Every piece of data has a shelf life. Not in the sense that it expires and becomes useless, but in the sense that its business value changes over time. A fraudulent credit card transaction detected in 200 milliseconds? Priceless – you just prevented a loss. The same fraud detected 6 hours later in a nightly batch job? Useful for reporting, but the money is already gone.

On the flip side, a monthly sales report generated from yesterday’s data versus data that’s 3 minutes old? In most organizations, nobody can tell the difference (and probably nobody cares). The business decisions based on that report happen in meetings scheduled days in advance, not in milliseconds after the data arrives.

So, the first question isn’t “batch or stream?” The first question is: how quickly does someone (or something) need to act on this data for it to matter?

If the answer is “seconds or less”, you’re in streaming territory. If the answer is “hours or days”, batch is likely your friend. And if the answer is “somewhere in between”… Congratulations, you’re in the most interesting (and most common) gray area, which we’ll explore shortly.

The trade-offs

You know what the most uncomfortable truth about streaming is? It sounds amazing on paper. Who wouldn’t want real-time data? It’s like asking “would you prefer your coffee now or in 6 hours?” But the reality is more nuanced than that. Let’s walk through the trade-offs that actually matter when you’re making this decision.

Cost

I hear you, I hear you: “Nikola, how much more expensive is streaming?” Unfortunately, there’s no single number I can give you, but the pattern is consistent: streaming infrastructure is almost always more expensive than batch processing for the same volume of data. Why? Because streaming requires resources to be always on, listening, processing, and writing continuously. Batch processing, on the other hand, spins up, does its work, and shuts down. You pay for the compute only when the job runs.

Think of it like a restaurant kitchen. A batch kitchen opens at specific hours – the staff arrives, preps, cooks, cleans up, and goes home. A streaming kitchen is open 24/7 with staff always standing by, ready to cook the moment an order arrives. Even during the quiet hours at 3 AM when nobody’s ordering, someone is still there, waiting. That waiting costs money.
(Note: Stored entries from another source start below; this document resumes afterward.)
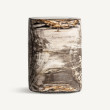 This side table, made of pine wood, stands out for its simple design and black finish. Its compact shape and organic texture make it a functional piece with a decorative presence.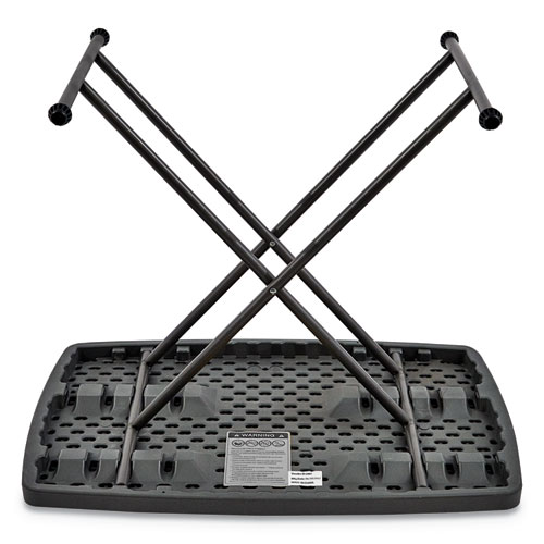 Lightweight, durable and portable. The perfect size table provides extra space. The dent- and scratch-resistant top is easy-to-clean and is constructed of blow molded high-density polyethylene. Heavy gauge, sturdy 1″ steel tube legs, with charcoal gray powder coat finish, folds into recessed channels for easy storage. Height is adjustable at either 25″ or 28″. Ideal for indoor or outdoor use.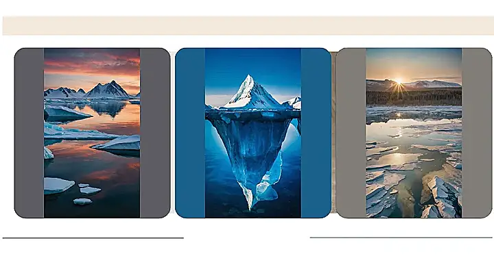Then there are these cool chunks of ice just floating around in the water, from huge ones that look like misplaced building blocks to smaller bits that are just little ice accessories. The water isn’t just blue; it’s this deep, cool shade that makes you wonder how many shades of blue actually exist out there. They’re all just drifting along, probably bumping into each other like polite icebergs saying, “Excuse me, pardon me, just floating through.” It’s a wild, beautiful scene that makes you feel tiny and reminds you how much amazing stuff is out there!

Does this mean streaming is always more expensive? Not necessarily. If your data arrives continuously and you need to process it continuously anyway, the cost difference narrows. But if your data arrives in predictable bursts (daily file drops, hourly API calls), batch processing lets you align your compute spend with those bursts.

Complexity

Batch processing is conceptually simpler. You have a defined input, a defined transformation, and a defined output. If something fails, you re-run the job. The data isn’t going anywhere, it’s sitting in a file or a table, patiently waiting.

Streaming? Things get trickier. You’re dealing with data that arrives continuously, potentially out of order, potentially with duplicates, and potentially with gaps. What happens when a sensor goes offline for 5 minutes and then dumps all its buffered readings at once? What happens when two events arrive in the wrong order? What happens when the processing engine crashes mid-stream? Do you replay from the beginning? From a checkpoint? How do you ensure exactly-once processing?

These are solvable problems, and modern streaming platforms handle most of them well. But these are additional problems that simply don’t exist in batch processing. Complexity isn’t a reason to avoid streaming, it’s simply a reason to make sure you actually need streaming before you commit to it.

Correctness

Batch processing has a natural advantage in correctness, because it operates on complete datasets. When your batch job runs at 2 AM, it has access to all the data from the previous day. Every late-arriving record, every correction, every update, it’s all there. The job can compute aggregates, joins, and transformations against the full picture.

Streaming operates on incomplete data by definition. You’re processing records as they arrive, which means your results are always provisional. That daily revenue number you computed at 11:59 PM? A few late-arriving transactions might change it by the time the clock strikes midnight. Windowing strategies and watermarks help manage this, but they add yet another layer of decision-making.

Again, this isn’t a reason to avoid streaming. It’s a reason to understand that streaming results and batch results might differ, and your architecture needs to account for that.

Latency vs. Throughput

Batch processing optimizes for throughput. This means processing the maximum amount of data in the minimum amount of time. Streaming optimizes for latency, minimizing the time between when an event occurs and when the result is available.

These two goals are often in conflict. A batch job that processes 100 million records in 15 minutes is extremely efficient, that’s roughly 111,000 records per second. A streaming pipeline processing the same data one record at a time as it arrives might handle each record in 50 milliseconds, but the overhead per record is significantly higher. You’re trading throughput for responsiveness.

The question is: does your use case value responsiveness over efficiency, or the other way around?

So, when should I use what?

Let’s examine some concrete scenarios and the reasoning behind each choice. Not just “use streaming for X” – but why.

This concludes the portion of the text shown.